Multi-Agent Path Finding in Continuous Spaces with Projected Diffusion Models
This addresses a fundamental challenge in robotics for coordinating multiple agents in continuous, high-dimensional environments, offering a novel solution to a known bottleneck.
The paper tackles the problem of Multi-Agent Path Finding (MAPF) in continuous spaces by integrating constrained optimization with diffusion models to generate feasible trajectories that avoid collisions and respect kinematic constraints, demonstrating effectiveness in various simulated scenarios.

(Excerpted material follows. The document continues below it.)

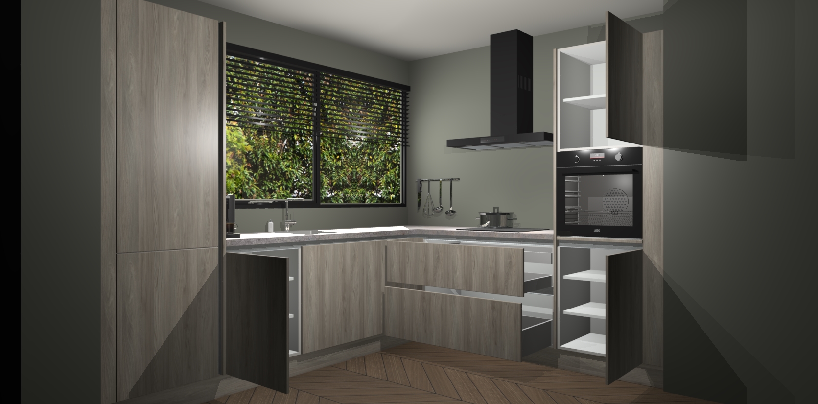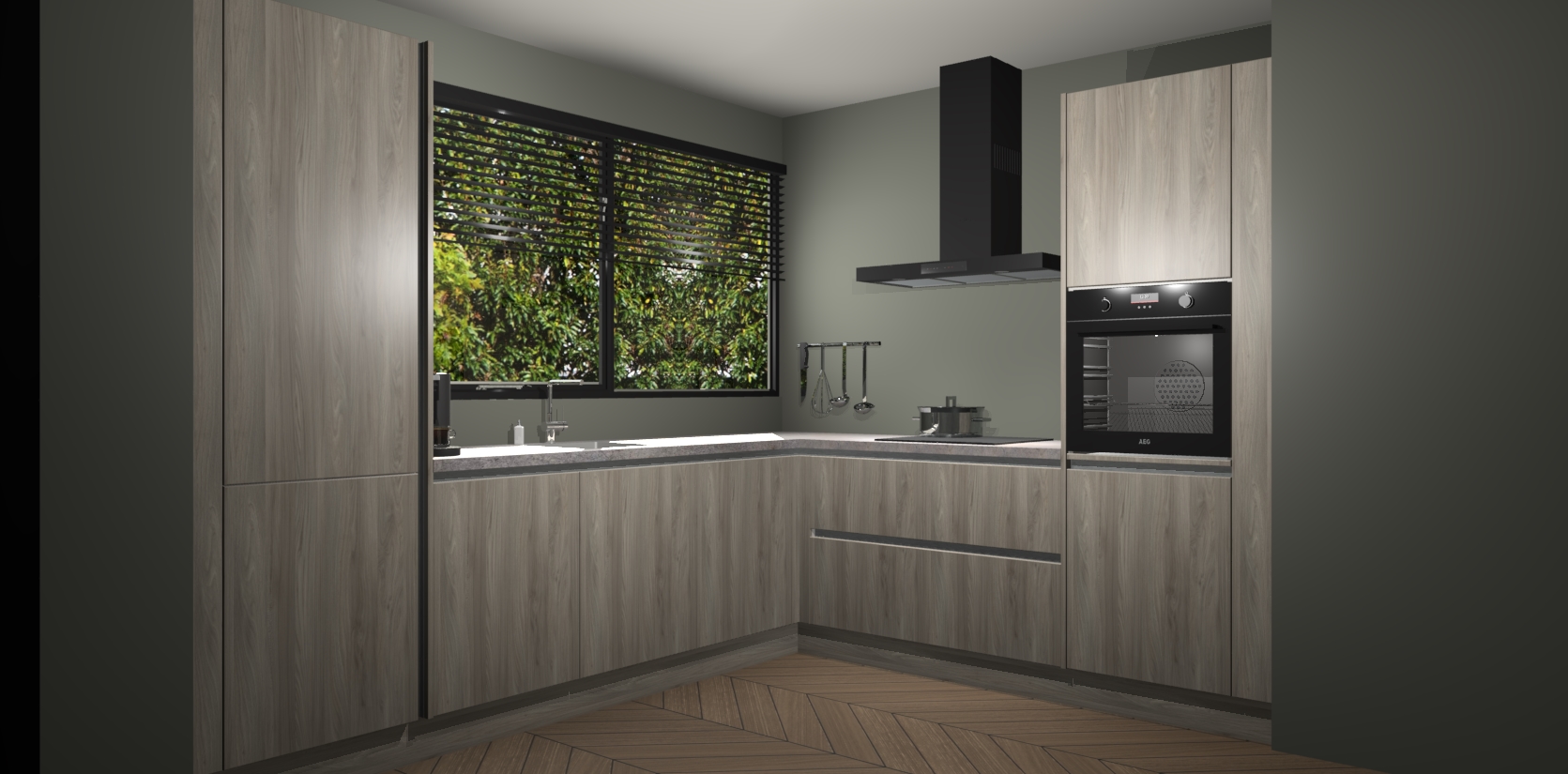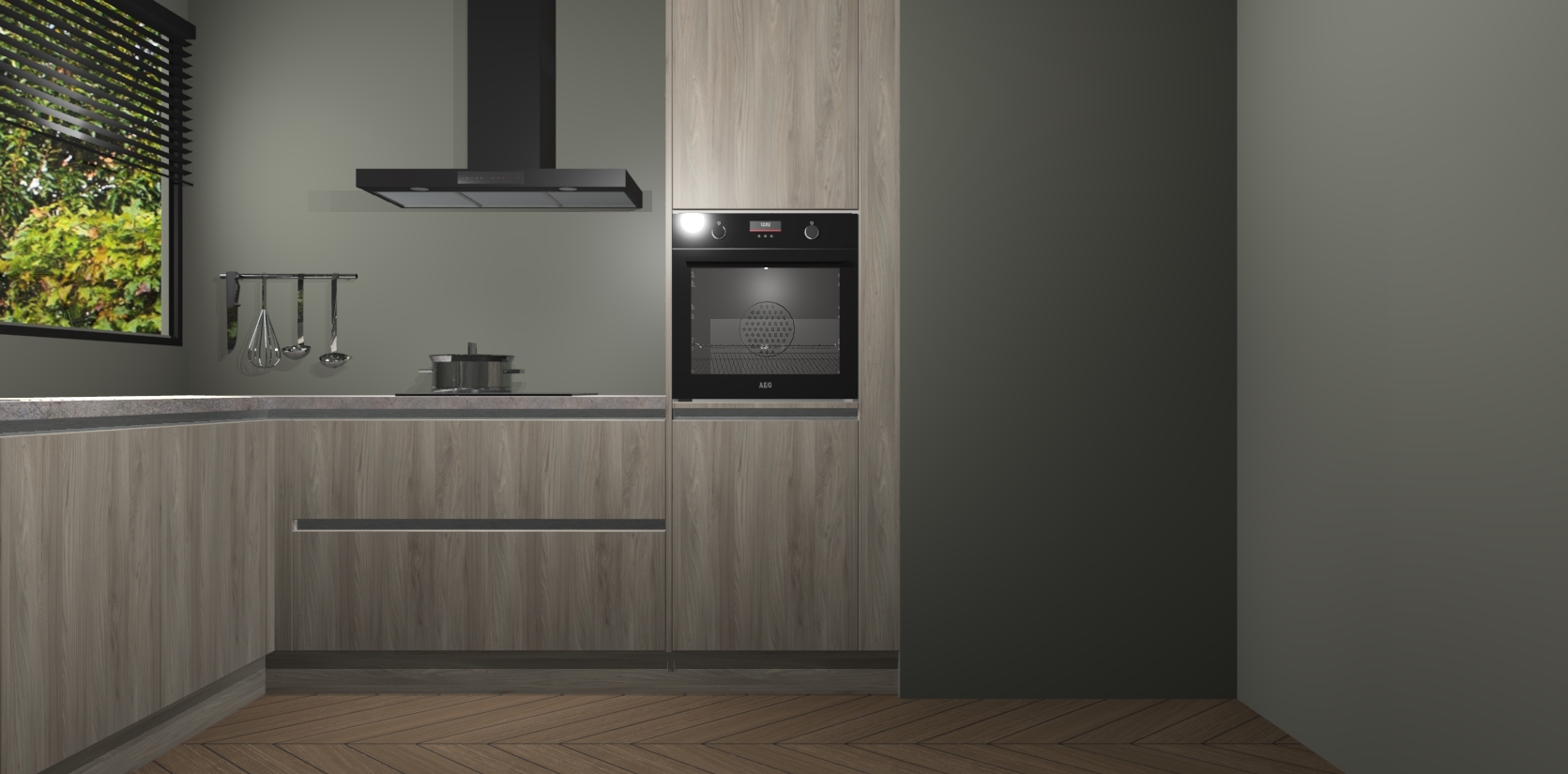 Met een modern, tijdloos design en ruime opslagruimte, zult u zich in no-time thuis voelen in uw nieuwe keuken. Uw leven wordt eenvoudiger met de soft-close deuren die voor het ultieme stille comfort zorgen - geen geluid dat u stoort terwijl u kookt. Ook is de keuken voorzien van 5 ingebouwde apparaten: een oven, inductie kookplaat, afzuigkap, vaatwasser en koelkast. Deze kunnen gemakkelijk na bestelling worden bijgewerkt naar AEG - waardoor uw luxe ervaring compleet is.

Multi-Agent Path Finding (MAPF) is a fundamental problem in robotics, requiring the computation of collision-free paths for multiple agents moving from their respective start to goal positions. Coordinating multiple agents in a shared environment poses significant challenges, especially in continuous spaces where traditional optimization algorithms struggle with scalability. Moreover, these algorithms often depend on discretized representations of the environment, which can be impractical in image-based or high-dimensional settings. Recently, diffusion models have shown promise in single-agent path planning, capturing complex trajectory distributions and generating smooth paths that navigate continuous, high-dimensional spaces. However, directly extending diffusion models to MAPF introduces new challenges since these models struggle to ensure constraint feasibility, such as inter-agent collision avoidance. To overcome this limitation, this work proposes a novel approach that integrates constrained optimization with diffusion models for MAPF in continuous spaces. This unique combination directly produces feasible multi-agent trajectories that respect collision avoidance and kinematic constraints. The effectiveness of our approach is demonstrated across various challenging simulated scenarios of varying dimensionality.